The global performance of the electrode is intimately related to the choice of the reagents and the placement within the pore structure but, above all, to the architecture of the material at the pore-scale. However, these materials have always been designed so far on an empirical basis regarding the thickness of the material and its pore size and organization. These parameters have a crucial impact on the competition between mass transport, enzymatic turn-over and heterogeneous electron transfer rate. A rational approach is hence really needed, based on a direct interplay between materials design and modelling to reach optimal performance.
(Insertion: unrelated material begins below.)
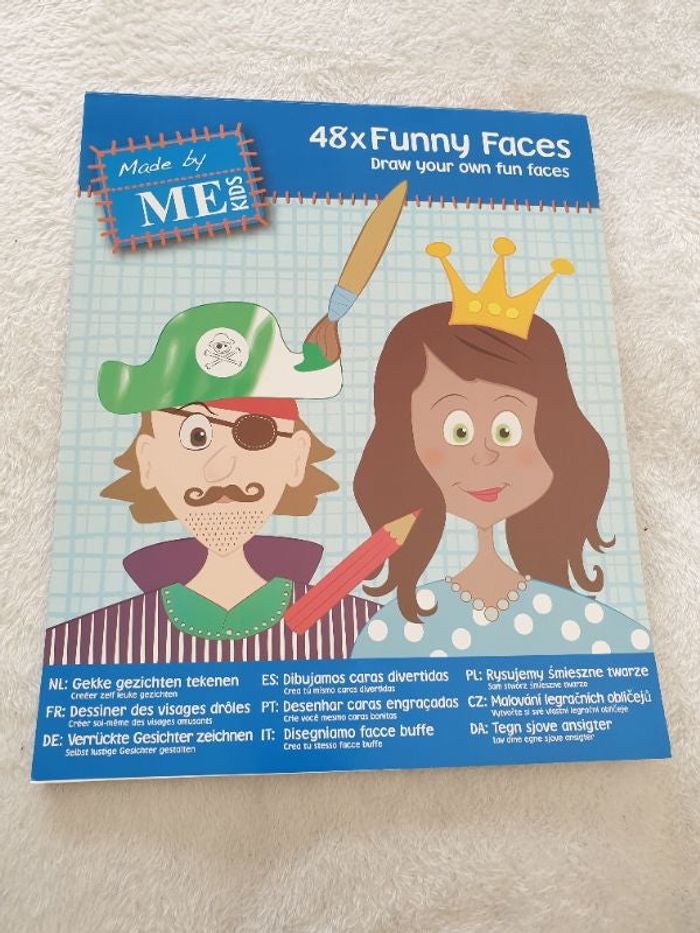 Cahier avec une quarantaine de visage à decorer, colorier, peindre ou... Il en manque une dizaine c'est pour cela qu'il y en a une quarantaine au lieu de 48. Le cahier mesure 27cm x33cm.

The objective of the present project is four-fold. In a first step, careful models will be derived at the pore-scale. For tractable computational subsequent treatment, macroscale models will be obtained by upscaling their pore-scale analogues. Solutions of the pore-scale models, obtained from Direct Numerical Simulations on simple porous structures, will be compared to the solution of the corresponding up-scaled model as a validation step of the upscaling process. Validation of the overall modelling approach will be further performed by comparisons with experimental results using images of the real structure. In a second step, the electrode current-to-potential dependency with respect to the microstructure obtained by modelling will be exploited to optimize the porous architecture. In a third step, engineering of electrode prototypes, based on the resulting optimized materials, will be then carried out by conveniently tuning the pore structure. In the final part of the project, after a key step of enzymes (and electron mediator) immobilization within the porous structure to achieve a DET or MET operating mode, experiments on the synthetized electrodes will be performed using electroanalytical tests. This recursive and rational approach should lead to a real and decisive breakthrough in the efficiency improvement of the bio-devices to which these porous electrodes are dedicated.